Saute the onions and jalapeno with 2 tbl oil over medium heat until soft and fragrant, 7 minutes. Add the garlic, red pepper flakes, 1/2 tsp salt, pepper and sugar. Toss. Add the eggplant and remaining 2 tbl of oil and saute over medium-high heat until the eggplant is soft and has caramelized, 10 minutes. Add the sesame oil, black sesame seeds and basil and remove from the heat and let cool.
Lay out 10 wrappers and wet the borders with some cold water. Fill the center with 1 tsp of filling and add another wrapper on top, sealing the sides down. Continue until all the filling has been used.
Bring a large pot of salted water to a boil. Add 5 or 6 gyoza at a time and boil for 4 minutes or until they float to the top and the wrapper is cooked through. Drain and serve hot.
Optional- Heat 2 more tbl of oil up in a saute pan and quickly brown both sides to crisp after boiling.
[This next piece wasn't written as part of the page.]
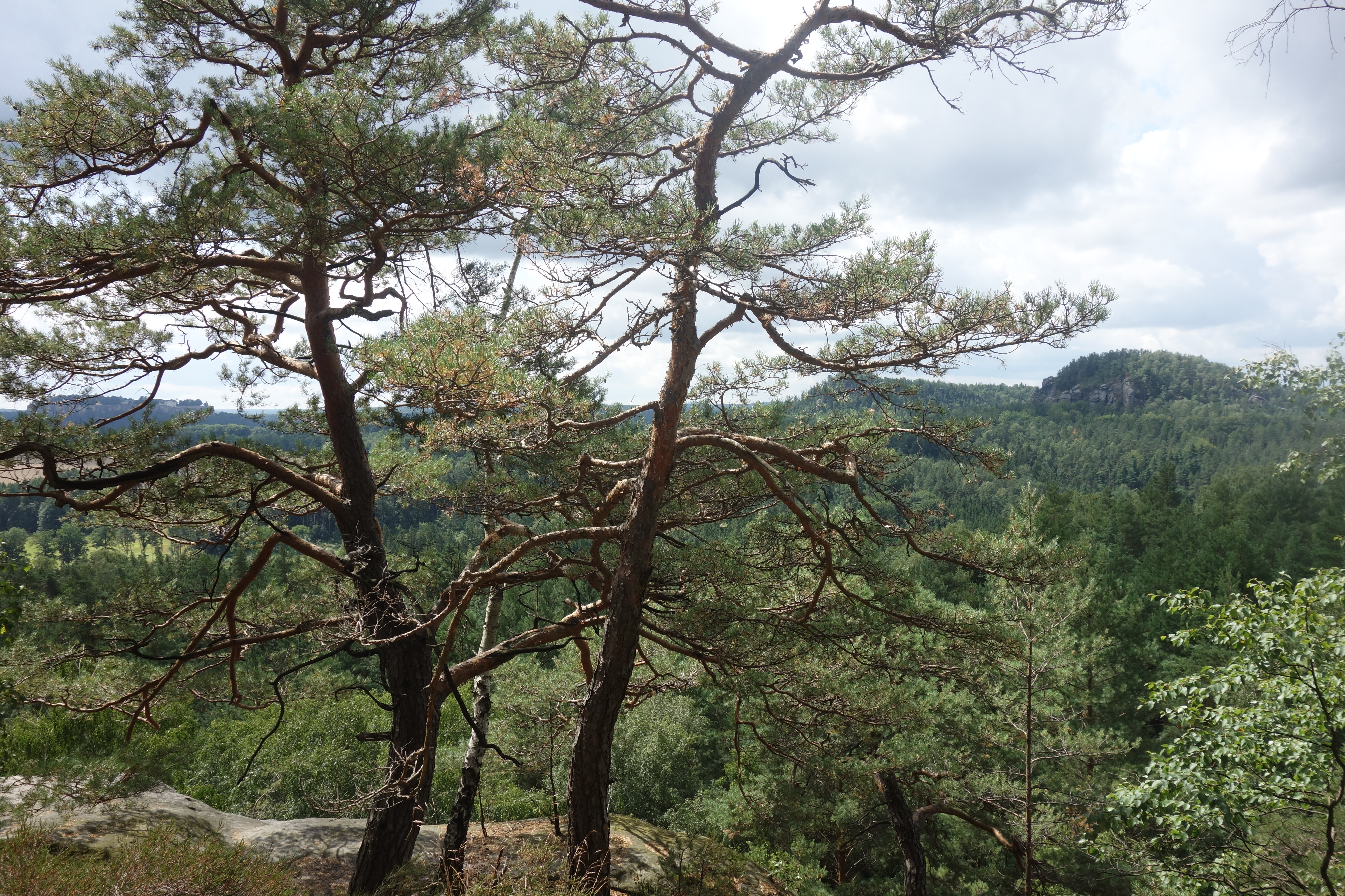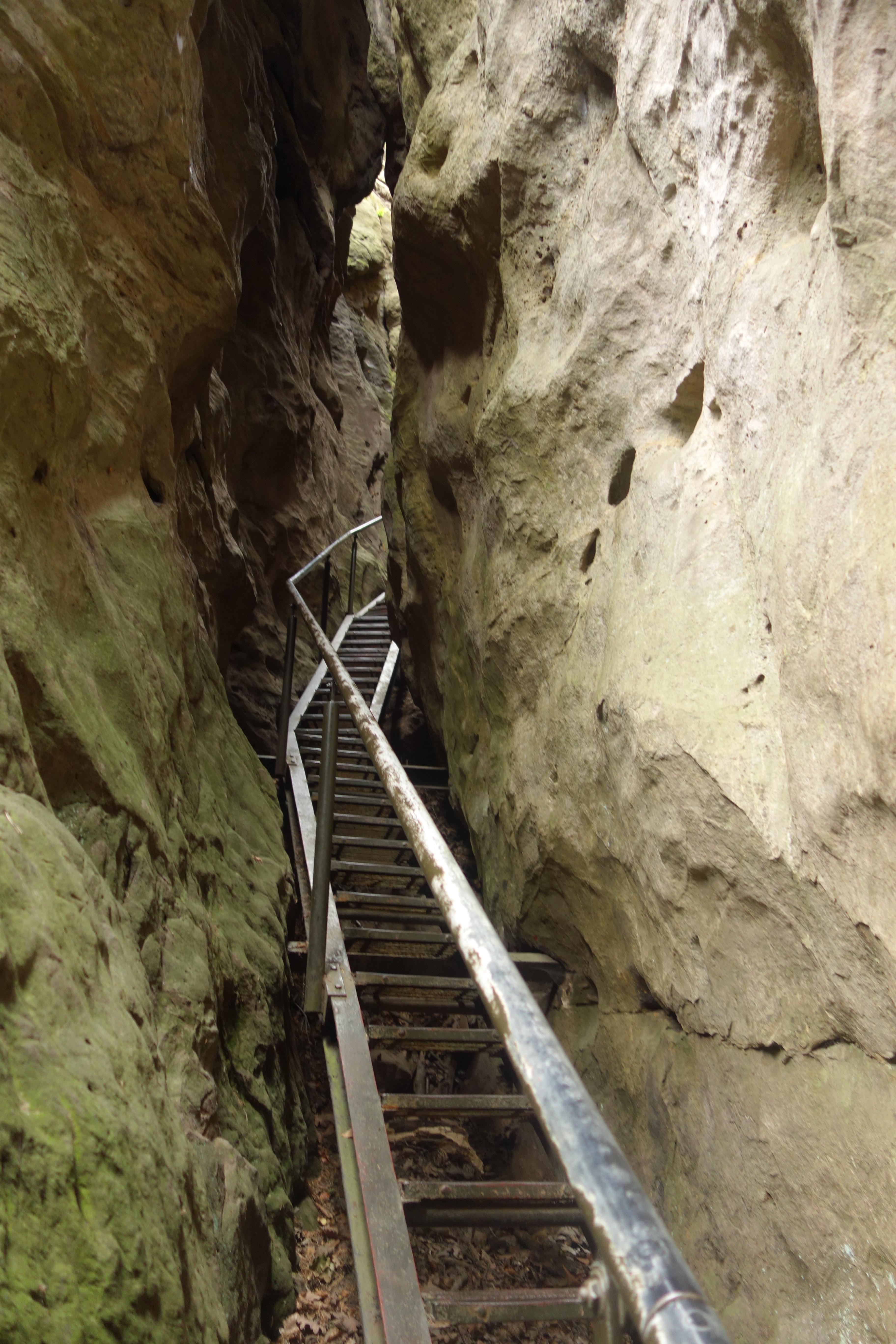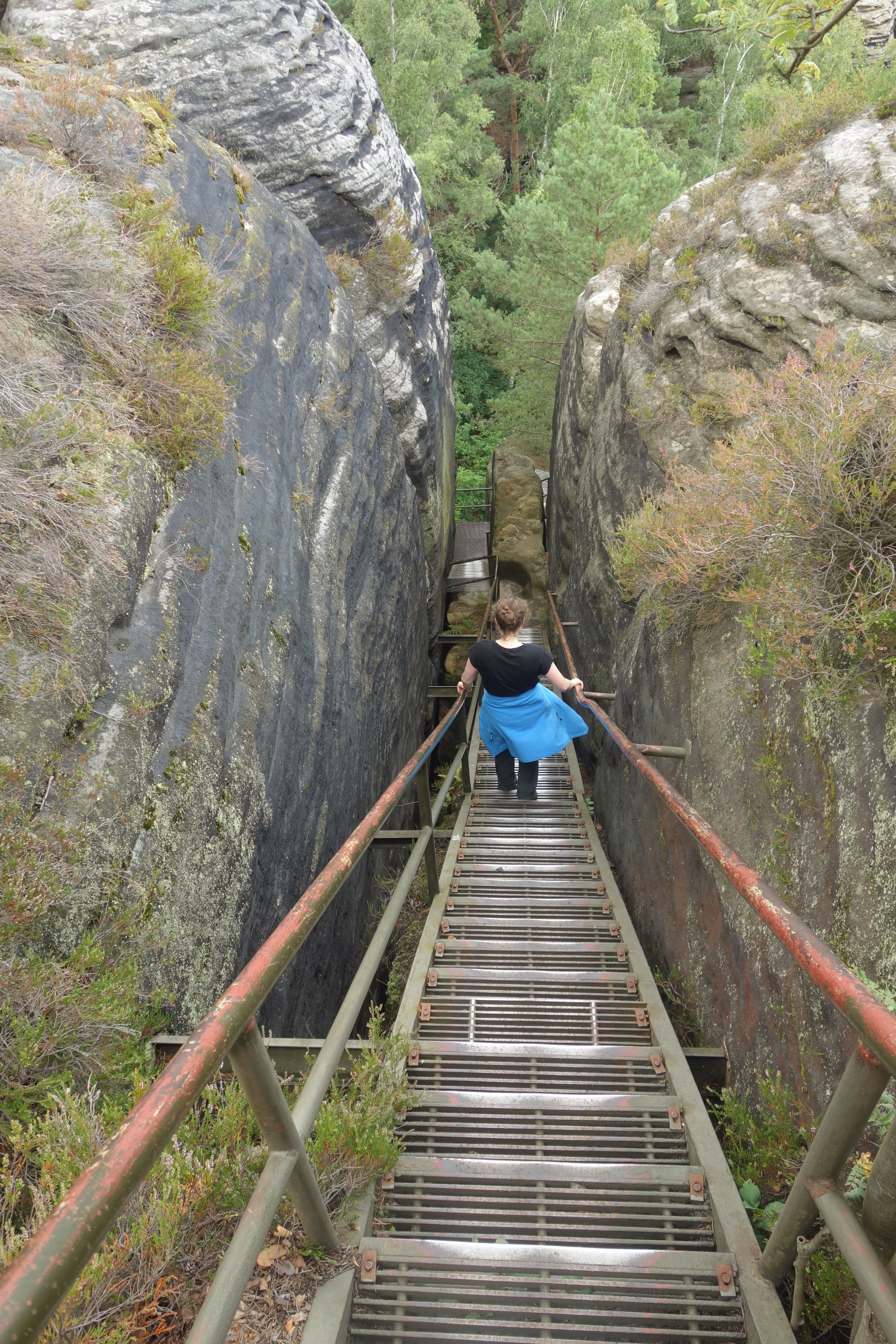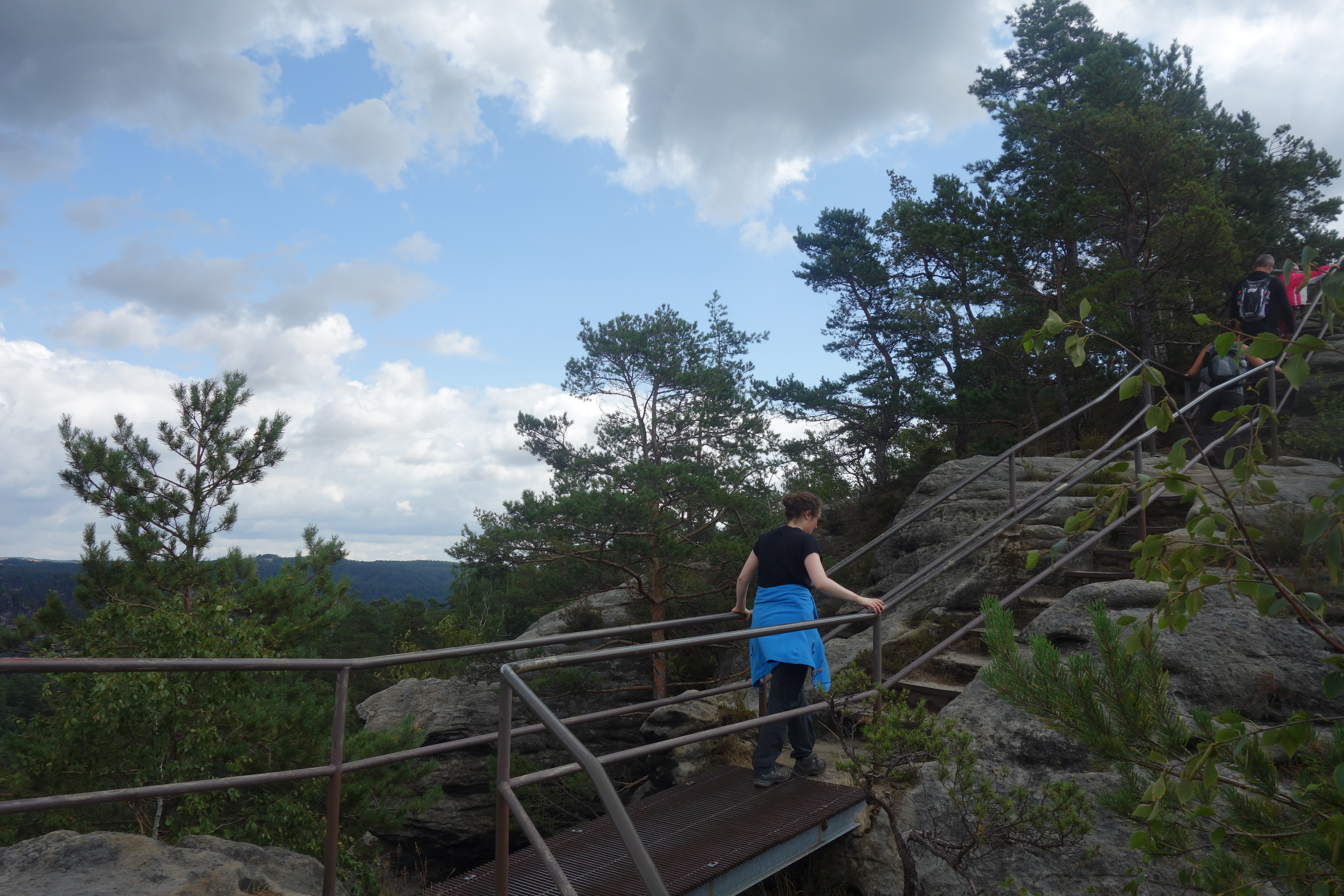 Na de Elbe even te volgen aan de overkant was het opnieuw klimmen geblazen. In eerste instantie leek het een naar lokale wandelnormen bescheiden vervolg te worden op een aangenaam bospad. Maar dat was zonder de passage over de tafelberg Rauenstein gerekend. De wandeling voerde ons over en tussen de rotsen met stenen en ijzeren trappen en rotsige passages, af en toe met hulp van een railing.
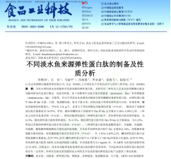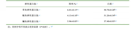 “五個女博士”研究人員對分別研究了草魚、鰱魚和鳙魚的動脈球制備彈性蛋白肽,并對其理化特性進行比較分析。結果顯示,草魚彈性蛋白肽的制備得率最高,鳙魚的彈性蛋白肽的白度最高,鰱魚彈性蛋白肽中鎖鏈素和異鎖鏈素總含量最高,草魚彈性蛋白肽對ABTS自由基的清除能力最大。

Chinese-Style Orange Tempeh
1 1/2 cup water
1/4 cup fresh orange juice
zest of one orange
4 dried red chilies
2 scallions, both green and white parts, roughly chopped
1 cup organic dark brown sugar
1/2 tsp grated fresh ginger
2 tbl lemon juice
1/2 cup rice vinegar
3 tbl tamari
3 garlic cloves, minced

1 square tempeh, cut into cubes
1/2 cup ap flour
1 tsp salt
1 tsp pepper
1/4 cup olive oil
3 tbl cornstarch
2 tbl water
1 orange, sliced thinly for garnish

Combine all of the sauce ingredients in a small pot. Bring to a simmer and cook for 5 minutes to thicken. Pour over the tempeh cubes and marinate for at least 2 hours.
Drain the tempeh from the marinade, reserving the sauce.
Combine the flour, salt and pepper in a bowl or bag and toss the tempeh to coat.
Pan fry in olive oil until crispy. Drain on a paper bag or towel.
Combine the cornstarch in water in a small bowl and whisk until smooth.
Wipe the excess oil out of the pan and add the reserved marinade, bring to a boil. Add the cornstarch slurry and whisk to combine until dissolved. Add tempeh, reduce the heat to medium low and and cook the tempeh for 5 minutes in the sauce.
Garnish with orange slices and scallions

Udon Noodles and Green Beans
6oz fresh udon noodles
8 oz fresh green beans, ends trimmed
2 tbl extra virgin olive oil
salt and pepper

Preheat the oven to 425.
Arrange the green beans in a single layer on a baking sheet and drizzle with oil and salt and pepper to taste. Roast for 10 minutes until slightly charred but still crisp.
Bring a large pot of boiling water to a boil. Add the noodles and cook until tender, 2-3 minutes or according to the package instructions. Drain and serve hot with orange tempeh.